The fantasy of an old-school elevator, the kind with a collapsible metal screen painted black instead of a proper door, or an outdoor shower by the sea.

The fantasy of any number of architectural styles having nothing to do with one another: mid-century modern, Victorian vampire, camelback fixer-upper, exposed brick artist loft, ugly nouveau riche McMansion (often contains provocative innovations in toileting equipment).

I have realized what this is about. I want to have multiple lives, as many lives as possible.

I want more.

The older I get, the more I have seen the irrevocable finitude of others. And I see my finitude. This one life of mine is moving fast, seemingly accelerating because that is what happens when you gain perspective by way of time.

By fantasizing about a succession of alternate lives, I am able to pretend I have more runway than I probably do. (Though I consider myself to be quite healthy and put effort into that—it would be awesome to live as long as possible.)

I rawdog this website, Redfin.com, no account, no app, gawking homes in my pretend cloak of anonymity.

Of course every site I’ve ever visited is tracking me with “cookies.”

Of course Mark Zuckerberg, Elon Musk, Jeff Bezos and the supposedly depersonalized algorithm know everything.

Redfin.com and the whole internet control apparatus knows damn well I’m a middle-age woman with a long list of additional monetizable insecurities and obsessions (to flatter the ego, we’ll relabel them ‘aspirations’) not specified here. This is escapism with no escape hatch.

Holding A Baby And An iPhone

I live-tweeted labor. The first night of my daughter’s life I realized I was going to be nursing for long stretches overnight; I began using my phone to stay awake. Every night I spent hours nursing her quietly, listening to her sweet little swallows, and surfing the Internet like it was the best Gidget movie in the world. I developed eye strain, and my carpal tunnel flared up again.

Eventually maternity leave was over. I held a different job then, one I loved, but I was also a rare part-time employee on a staff of full-timers. That meant checking in on email all the time anyway, so I wouldn’t fall behind.

Work-life balance is this elusive thing. It’s a psychic pair of skinny jeans, designed to punish. Work-life balance is not a gender-neutral phrase. Work-life balance may as well be Morse code for throwing women to the wolves. We are expected to take care of our families, make nice food that looks like it belongs on Instagram, and shatter glass ceilings through perseverance and sheer will. (Friendly reminder: There are no personal solutions to societal problems.)

Generally I suck at work/life balance, as do a good portion of the people I know, because we are expected to work all the time and we have the Internet with us almost everywhere we go.

And yet I’m not complaining: I’m fortunate that my line of work so happens to be my life passion. Still, if work/life balance means having two separate spheres of life that are both well-tended, nope, I don’t have that.

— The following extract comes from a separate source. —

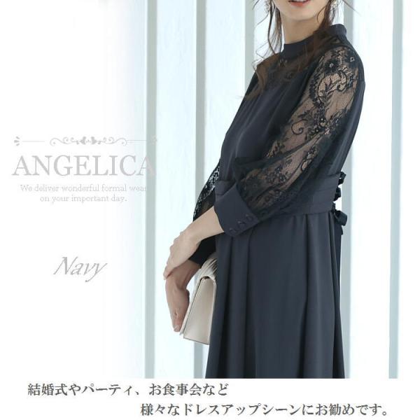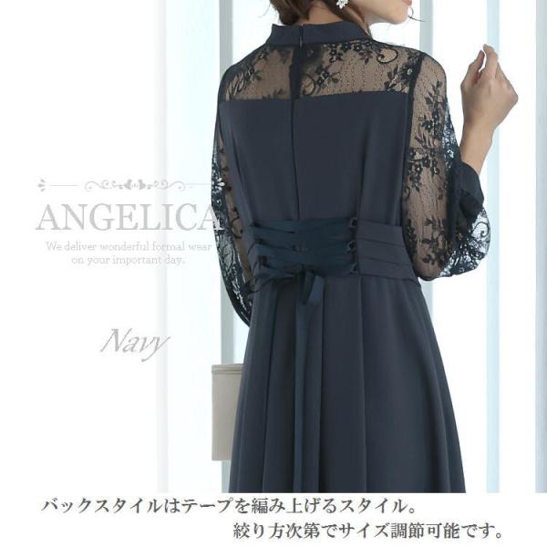 ハイネック フォーマル ドレス パーティー ドレス 結婚椎 ワンピース 披露宴 ワンピース半袖 七分袖 披露宴 結婚式 ドレス ネイビー 紺 グレー

I’m the woman who is opening up Slack for conversations with a colleague while my daughter eats in a high chair next to me. You can catch me firing off work emails at the playground. And I’m ashamed by how often I look at Facebook when she is in my care.

My daughter has taught me a love of presence. We should listen to crickets and wonder what they are. An airplane overhead is worth pointing to and talking about. Silence is a lavish gift — seriously, take it when you can get it.

It is hard for me to reconcile my actual and/or perceived need to be always available online with being the attentive mother I want to be. And yet, I am terrifically proud to be a working mother, and I claim that title. I can’t wait until my daughter is old enough to realize that the woman suffrage poster in her bedroom is not just wall art, and that her mom is a troublemaker.